Work required: Below, locate the line that contains "March 20, 2020". Repeat exactly from that line to the line that contains "Peça de salmão", inclusive, leaving out the pictures.
(Records for this exercise begins)
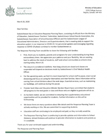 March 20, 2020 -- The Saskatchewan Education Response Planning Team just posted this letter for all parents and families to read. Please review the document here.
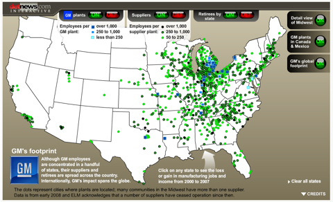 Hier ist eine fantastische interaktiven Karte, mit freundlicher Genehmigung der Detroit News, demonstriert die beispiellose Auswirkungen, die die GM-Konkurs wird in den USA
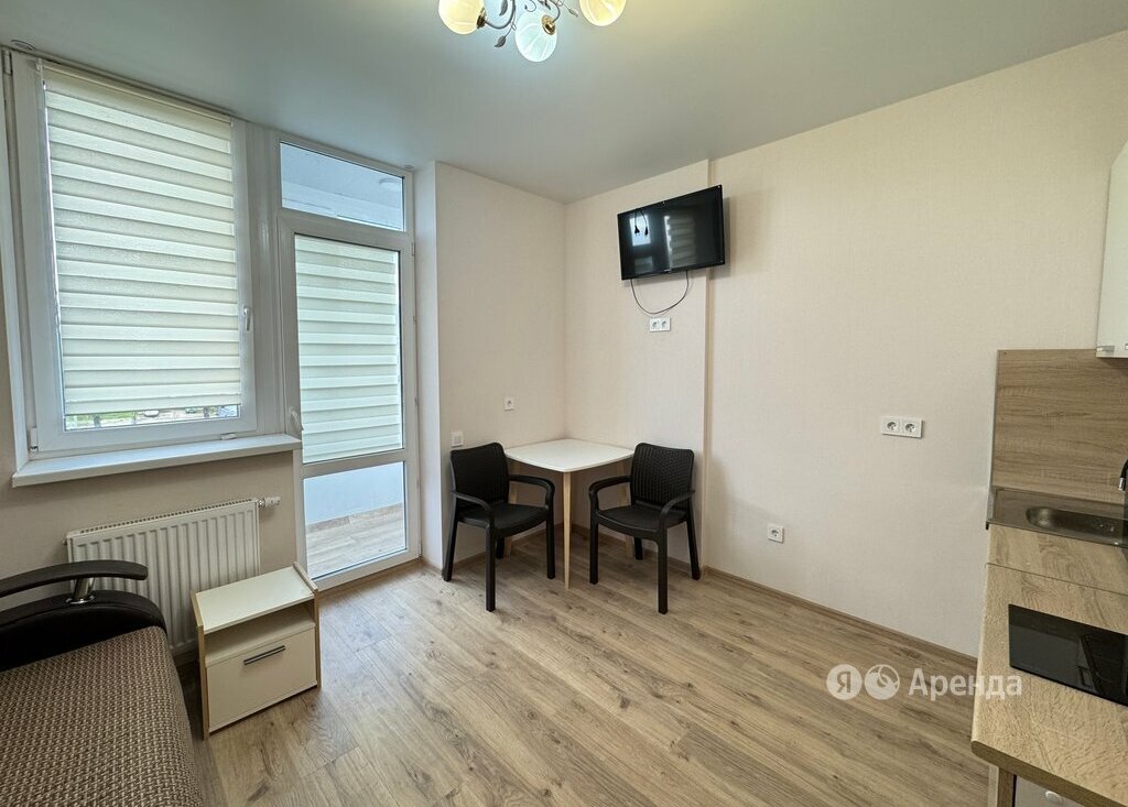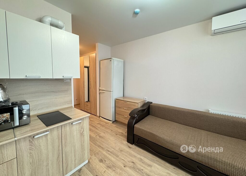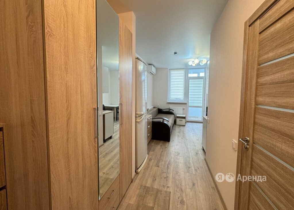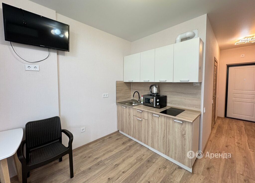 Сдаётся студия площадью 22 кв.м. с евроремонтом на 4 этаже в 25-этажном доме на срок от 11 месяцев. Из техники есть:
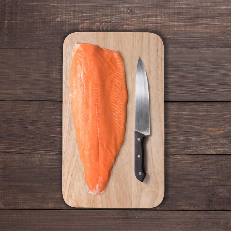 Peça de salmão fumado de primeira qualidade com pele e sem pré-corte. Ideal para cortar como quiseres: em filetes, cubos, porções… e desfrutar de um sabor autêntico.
(Records for this exercise ends)
(Records for this exercise begins)
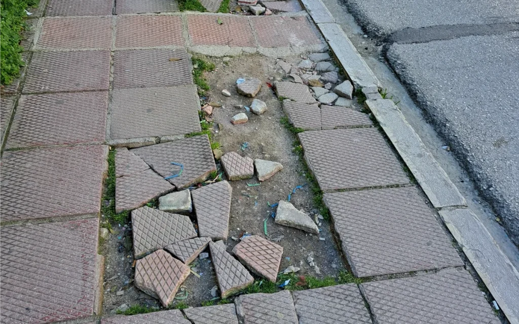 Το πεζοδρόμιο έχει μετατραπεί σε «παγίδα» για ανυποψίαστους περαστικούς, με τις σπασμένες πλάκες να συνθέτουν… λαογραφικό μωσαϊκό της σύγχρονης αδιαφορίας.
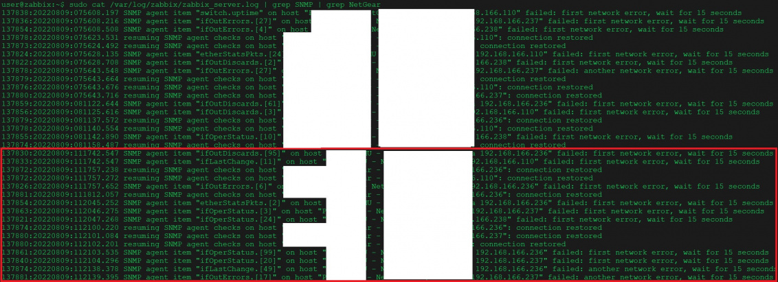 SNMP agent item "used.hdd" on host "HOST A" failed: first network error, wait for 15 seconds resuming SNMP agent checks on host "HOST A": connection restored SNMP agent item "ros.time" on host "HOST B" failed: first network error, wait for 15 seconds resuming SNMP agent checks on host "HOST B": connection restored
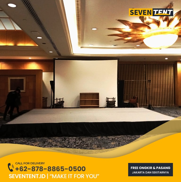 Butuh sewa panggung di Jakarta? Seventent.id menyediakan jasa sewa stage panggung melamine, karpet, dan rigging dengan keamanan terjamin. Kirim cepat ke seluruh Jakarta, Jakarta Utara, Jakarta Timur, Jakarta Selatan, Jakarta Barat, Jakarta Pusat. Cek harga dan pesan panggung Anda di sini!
(Records for this exercise ends)
Solution for this exercise:
 March 20, 2020 -- The Saskatchewan Education Response Planning Team just posted this letter for all parents and families to read. Please review the document here.
 Hier ist eine fantastische interaktiven Karte, mit freundlicher Genehmigung der Detroit News, demonstriert die beispiellose Auswirkungen, die die GM-Konkurs wird in den USA
 Сдаётся студия площадью 22 кв.м. с евроремонтом на 4 этаже в 25-этажном доме на срок от 11 месяцев. Из техники есть:
 Peça de salmão fumado de primeira qualidade com pele e sem pré-corte. Ideal para cortar como quiseres: em filetes, cubos, porções… e desfrutar de um sabor autêntico.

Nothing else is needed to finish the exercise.